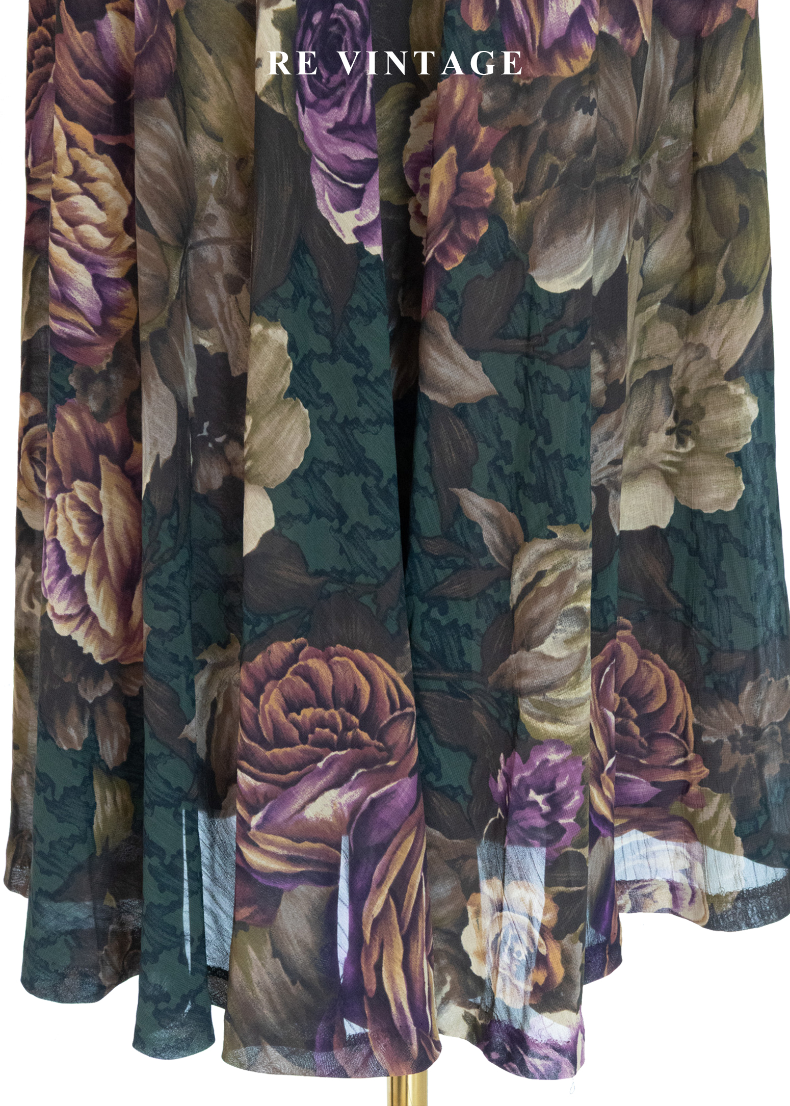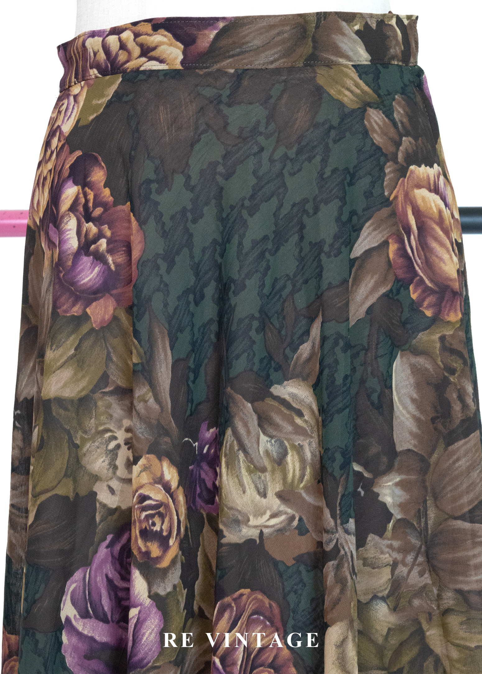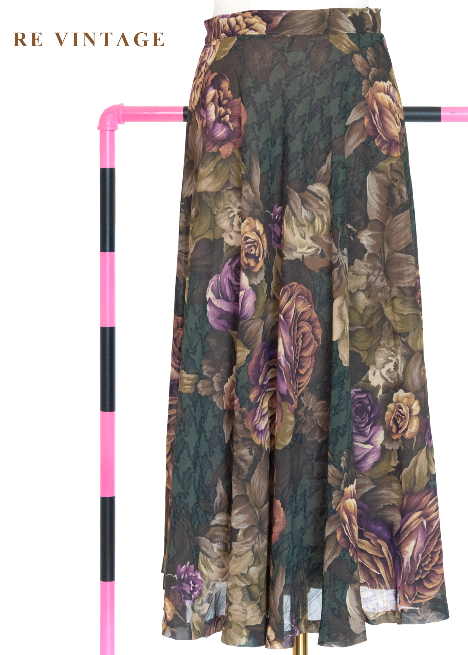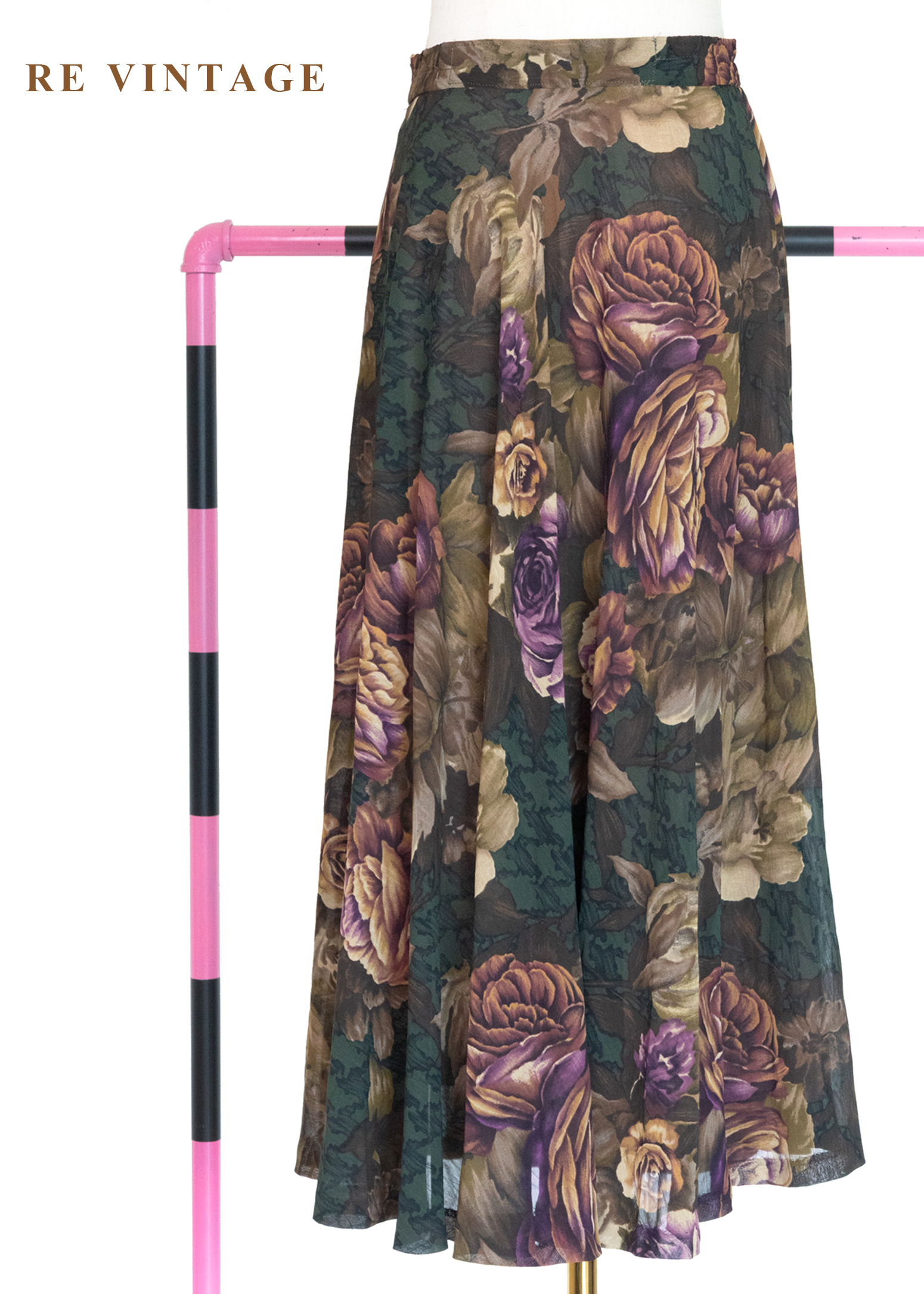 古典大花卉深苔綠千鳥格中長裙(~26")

---

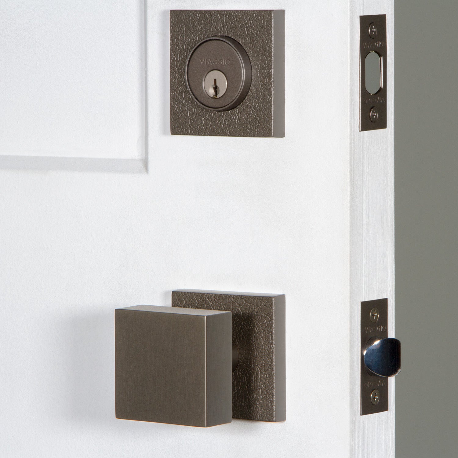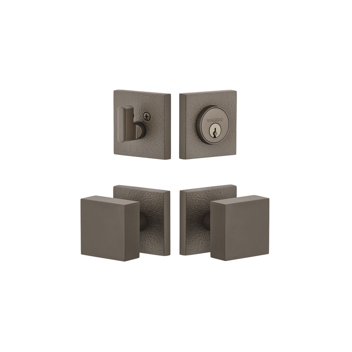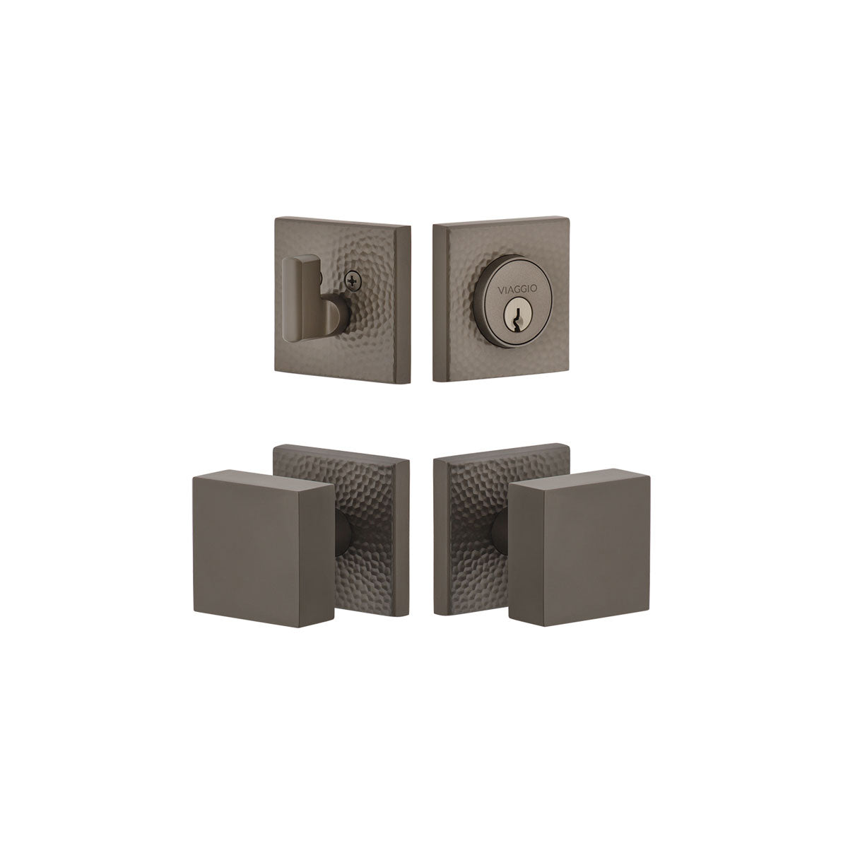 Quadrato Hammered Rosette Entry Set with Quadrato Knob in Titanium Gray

...

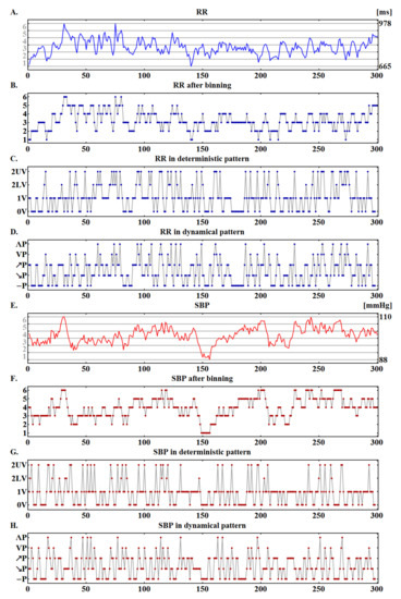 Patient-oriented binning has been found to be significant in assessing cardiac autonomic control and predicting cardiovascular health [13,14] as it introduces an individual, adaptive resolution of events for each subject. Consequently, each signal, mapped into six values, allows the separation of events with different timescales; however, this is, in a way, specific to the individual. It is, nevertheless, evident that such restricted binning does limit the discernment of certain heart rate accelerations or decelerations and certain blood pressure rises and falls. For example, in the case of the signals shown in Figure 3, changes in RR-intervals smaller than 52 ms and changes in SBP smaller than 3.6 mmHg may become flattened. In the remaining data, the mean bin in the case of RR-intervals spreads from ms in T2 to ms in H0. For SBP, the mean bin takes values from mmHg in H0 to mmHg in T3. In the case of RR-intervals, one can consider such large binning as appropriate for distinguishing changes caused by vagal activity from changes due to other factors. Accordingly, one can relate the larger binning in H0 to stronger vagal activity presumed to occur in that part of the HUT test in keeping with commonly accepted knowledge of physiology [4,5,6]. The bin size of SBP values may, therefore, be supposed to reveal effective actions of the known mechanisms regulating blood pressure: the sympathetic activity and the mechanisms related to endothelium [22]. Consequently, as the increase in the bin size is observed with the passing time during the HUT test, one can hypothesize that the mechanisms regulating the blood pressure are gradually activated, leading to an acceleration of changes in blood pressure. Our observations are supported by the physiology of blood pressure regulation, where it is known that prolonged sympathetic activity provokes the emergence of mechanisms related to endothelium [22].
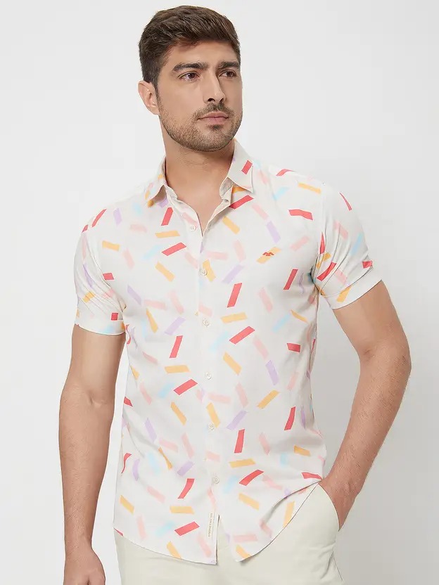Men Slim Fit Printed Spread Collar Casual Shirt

Exercise requirements: When copying from the data above, print only the lines from the line containing "Patient-oriented binning has" to the line containing "Men Slim Fit", exactly, and leave the pictures out.

Result:
 Patient-oriented binning has been found to be significant in assessing cardiac autonomic control and predicting cardiovascular health [13,14] as it introduces an individual, adaptive resolution of events for each subject. Consequently, each signal, mapped into six values, allows the separation of events with different timescales; however, this is, in a way, specific to the individual. It is, nevertheless, evident that such restricted binning does limit the discernment of certain heart rate accelerations or decelerations and certain blood pressure rises and falls. For example, in the case of the signals shown in Figure 3, changes in RR-intervals smaller than 52 ms and changes in SBP smaller than 3.6 mmHg may become flattened. In the remaining data, the mean bin in the case of RR-intervals spreads from ms in T2 to ms in H0. For SBP, the mean bin takes values from mmHg in H0 to mmHg in T3. In the case of RR-intervals, one can consider such large binning as appropriate for distinguishing changes caused by vagal activity from changes due to other factors. Accordingly, one can relate the larger binning in H0 to stronger vagal activity presumed to occur in that part of the HUT test in keeping with commonly accepted knowledge of physiology [4,5,6]. The bin size of SBP values may, therefore, be supposed to reveal effective actions of the known mechanisms regulating blood pressure: the sympathetic activity and the mechanisms related to endothelium [22]. Consequently, as the increase in the bin size is observed with the passing time during the HUT test, one can hypothesize that the mechanisms regulating the blood pressure are gradually activated, leading to an acceleration of changes in blood pressure. Our observations are supported by the physiology of blood pressure regulation, where it is known that prolonged sympathetic activity provokes the emergence of mechanisms related to endothelium [22].
Men Slim Fit Printed Spread Collar Casual Shirt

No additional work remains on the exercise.